Forward Brayden Schenn said he broke his ribs on three separate occasions during the season, and the third time, after a hit by San Jose’s Brent Burns, was what kept him out the final four games of the regular season.
“I’ve never broken a rib in my life,” Schenn said, “and one of those things where you get unlucky.”
General manager Doug said players were still players with their medical exams and which needed surgeries would be known later in the week. Binnington said he would not need surgery.
Waiting their turn
There are five NHL head coaching jobs open at the moment, and Armstrong wouldn’t be surprised if one of Berube’s three assistants — Jim Montgomery, Steve Ott and Mike Van Ryn — get one of them. Actually, he said, he would like it if there was some movement on the staff.
“I hope there is,” Armsrtong said. “I really hope there is. I think that Robby DiMaio, who was with us for a long time (as director of player personnel), is now an assistant GM in Anaheim. I think that’s a reflection on the great work Rob did here and also being part of a good organization. I think that our three assistant coaches, we have multiple coaches, but Steve Ott has come right from playing to coaching. I think he helped Craig with the power play, I think he did a really good job with that. I think he has the ability to be a head coach. Jimmy Montgomery has been an NHL head coach before, I thought he did a great job. I thought Mike Van Ryn has really touched everything, development coach, a minor league coach, an assistant coach. I think all three of these guys have aspirations to be NHL head coaches.
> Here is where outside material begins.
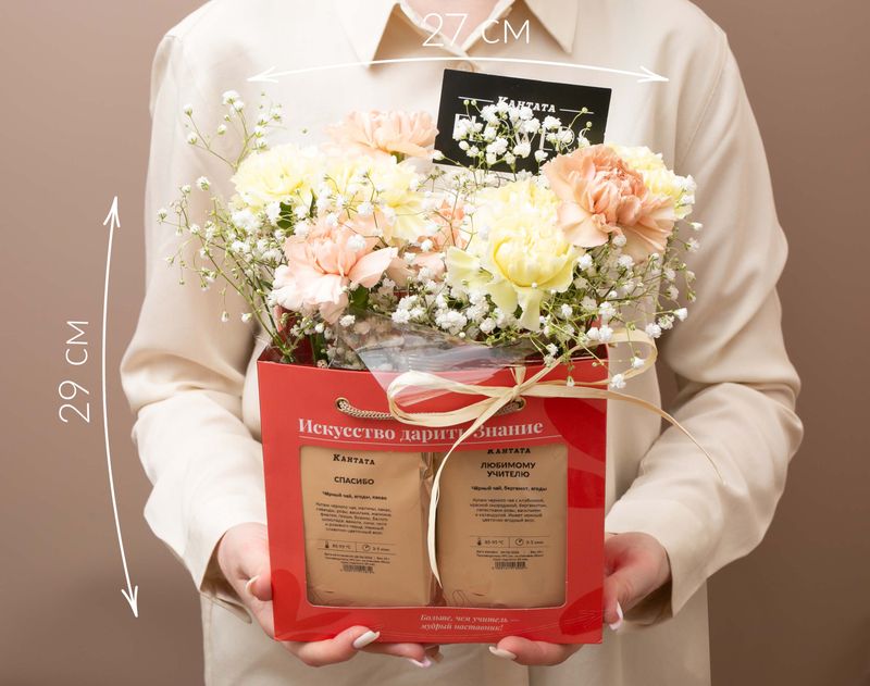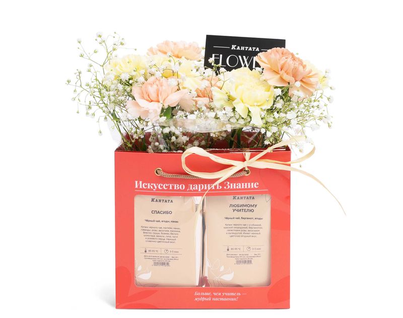 Такая сумочка станет приятным сюрпризом для любого учителя! Ее украшает по-весеннему нежная цветочная композиция, а из окошка видны два ароматных напитка — купажи черного чая с поистине говорящими названиями: «Любимому учителю» и «Спасибо».

“I think they’re all deserving. I hope they get interviews. I hope they get to reach the goals they want to reach. But if they don’t, we’d love to have them back. Craig has told me that. I concur 100 percent, but also, I think part of any organization, you want to see growth and growth of those guys is commanding and taking part and running their own bench. If they get that opportunity, we’ll endorse them, we’ll push for them. But if they’re back, we’re a really good organization. … I’m compiling a list (of potential replacements). I think these guys are great coaches and I hope they get the opportunity.”
At the moment, there are openings in Dallas, Detroit, Philadelphia, Vegas and Winnipeg, and some successful coaches — Barry Trotz, Peter DeBoer and Paul Maurice — without a job.